Sixième chronique des Necral : Netiara
Le tonnerre gronde... La pluie et le vent viennent frapper violemment cette petite maison du village elfique de Baralda.
A l'intérieur, le bruit de l'orage est couvert par des cris. Laïella est en train d'accoucher. L'accouchement est difficile...
L'enfant voit enfin le jour, mais Laïella sent que la fin est proche...
Elle prend sa petite fille dans ses bras...
***
Ma mère mourut peu après ma naissance et je ne garde aucun souvenir d'elle... Mais c'est elle qui choisit mon nom : Netiara.
Mon enfance fut paisible dans le petit village de Baralda...
Jusqu'au jour où, peu après mon dix-septième anniversaire, ce qui correspondrait au corps et à l'esprit d'un enfant humain de six ans, je découvris que je pouvais sentir certaines choses chez les autres...
Au début, seules les plus fortes émotions me parvenaient. Une peur intense, un désir caché, une haine contenue... Ces émotions presque invisibles aux êtres normaux étaient pour moi aussi visibles que le soleil dans le ciel ou les feuilles sur les arbres de la forêt...
Les autres commencèrent alors à se méfier de moi et de ce pouvoir inaccessible pour eux...
Au fil des années, ce pouvoir augmenta, si bien que je percevais, à l'âge de vingt-cinq ans, soit l'équivalent d'un humain de dix ans, toutes les pensées fortes qui occupaient les esprits des autres... J'étais devenue une paria... Personne ou presque n'osait m'approcher, de peur que je ne connaisse leurs pensées cachées...
Le jour de mon vingt-sixième anniversaire, mon père vint me chercher dans la petite maison qui avait été construite à mon intention à l'écart du village. Il me dit de le suivre dans la forêt. Il avait une surprise pour moi...
Je ressentais en lui un certain malaise, mais il avait toujours été celui qui parvenait le mieux à me cacher ses pensées...
Nous arrivâmes dans une clairière. Il s'arrêta et dégaina son épée.

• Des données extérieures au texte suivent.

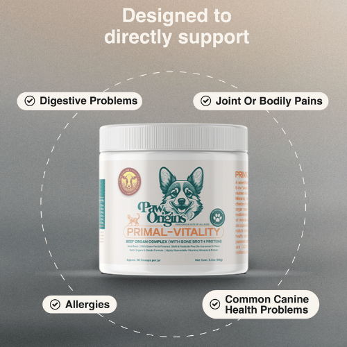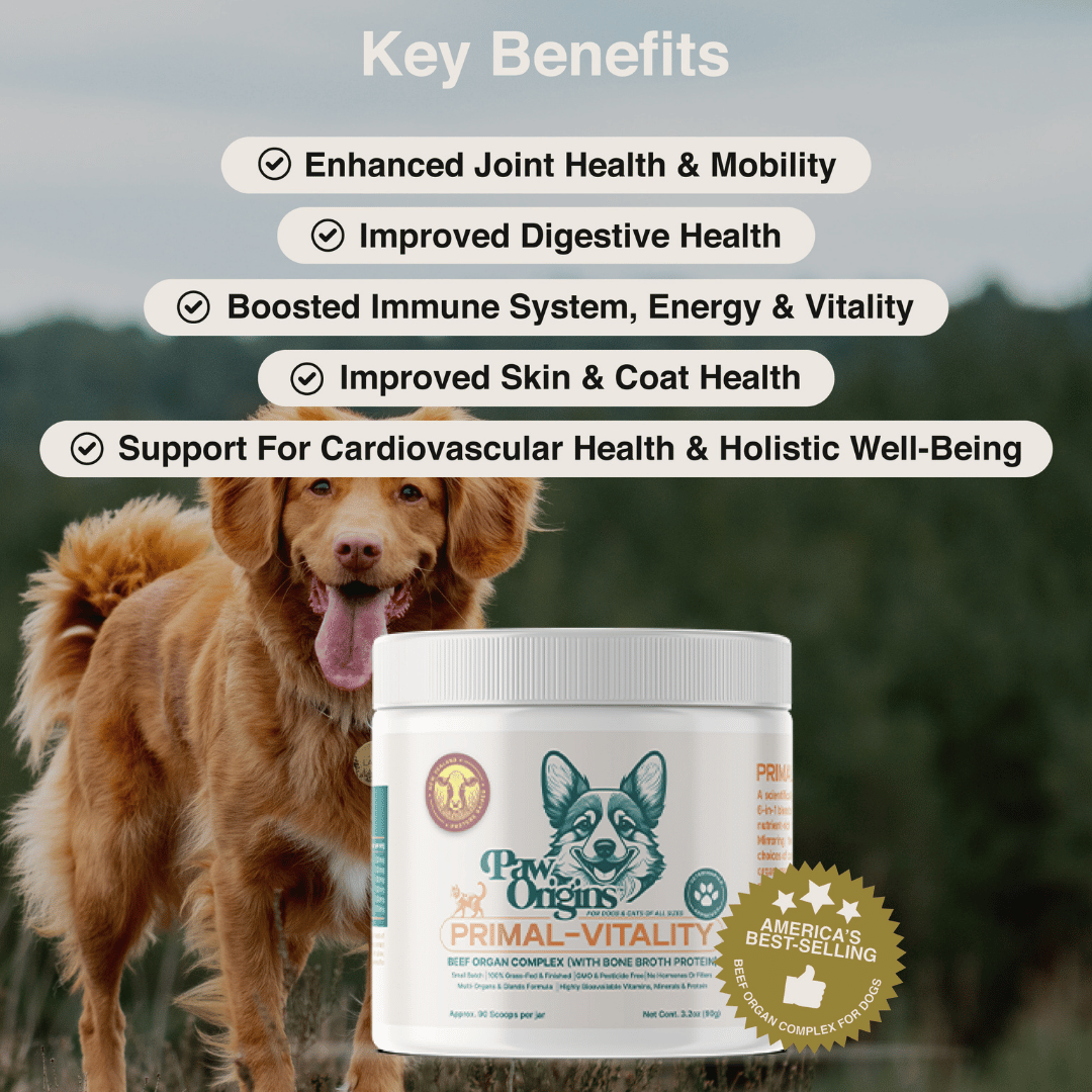 Primal-Vitality™ is a meticulously crafted, hydrolyzed, 6-in-1 blend of vital beef organs including undefatted liver, heart, kidney, pancreas, and spleen. Topped off with nutrient-rich bone broth protein. Mirroring the instinctive dietary choices of canine ancestors.

Ses pensées m'arrivaient clairement, maintenant qu'il ne faisait plus d'efforts pour les masquer...
Le conseil des anciens du village avait décidé mon exécution et mon père avait été choisit pour exécuter la sentence, pour son aptitude à me fermer son esprit...
Ma vie quasi-solitaire que j'avais mené ces dernières années avait aiguisé mes réflexes, si bien que je parvins à éviter sa première attaque et à dégainer mon petit couteau. Son deuxième coup faillit me décapiter, mais, avantagée par les pensées que je puisais dans son esprit, je réussis à me glisser sous la lame. Me faufilant entre ses jambes, je parvins à grimper sur son dos et à presser la lame de mon couteau contre sa gorge.
"Je t'en prie père, ne m'oblige pas à te tuer !", suppliais-je les larmes aux yeux.
Mon père lâcha son épée et me dit : "Tu as gagné... Mais tu dois disparaître... quitter le village et ne plus jamais y revenir..."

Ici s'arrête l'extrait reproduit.